Chaobin He, Beng Hoon Tan and colleagues at the A*Star Institute of Materials Research and Engineering were able to increase the toughness of PLA while maintaining its strength and modulus by the addition of core-shell nanoparticles as a filler. The nanoparticles have silica cores with rubber chains covalently linked to the silica, and poly(D-lactic acid) (PDLA) grafted onto the outer shell. These sequential steps were realized by using a technique called “ring-opening polymerization.”

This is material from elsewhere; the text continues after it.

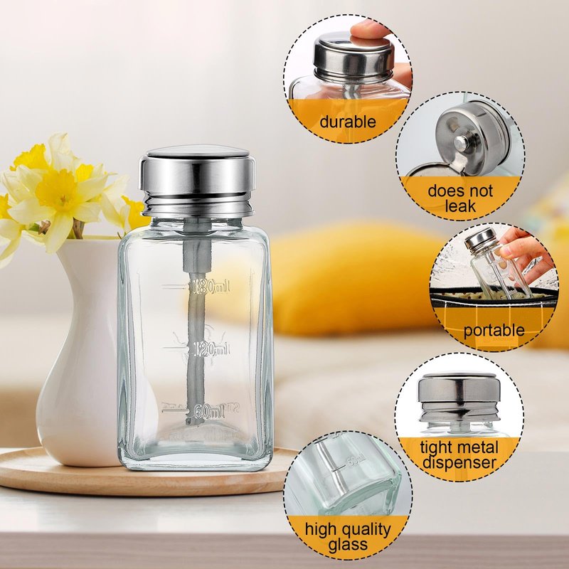 - Solid and Reliable: the clear dispenser bottles made with glass bottles and metal covers, our pump dispenser bottles are solid and reliable; You don't need to worry about the leakage, and they will not spill easily

On addition of the nanoparticles to a poly(L-lactic acid) (PLLA) matrix using a solution blending process, a complex structure forms between the pendant PDLA chains and the PLLA matrix. Interestingly, thermal analysis of the polymer nanocomposite indicates that the material reassembles perfectly after recrystallization from the melt. This melt-memory effect is enhanced by the incorporation of rubber chains in the nanoparticles.
"The presence of silica-rubber-PDLA nanoparticles in the PLA matrix and its complex formation with PLLA provide stress relief and bridging effects during deformation, thus improving toughness without sacrificing strength and modulus,” He told A*Star Research. The increased facile stress relief is probably due to the ability of rubber to act as a stress concentrator during plastic deformation. From microscopic analysis of the polymer nanocomposite, the deformation mechanisms of the material were identified as “crazing,” which involves the formation of microvoids in the material and fibrillation at sites of local plastic deformation.
“The large scale production of PLA from renewable resources makes our environmentally friendly material a promising candidate to replace petroleum-based thermoplastics,” said He. “While our approach has significantly overcome the shortcomings of pure PLA, such as brittleness and poor mechanical stability, further optimization of the materials and process as well as enhancement in the nanoparticles-polymer matrix compatibility need to be carried out.”
The research will pave the way for the further development of sustainable polymers in consumer electronics, automotive and packaging applications, according to He.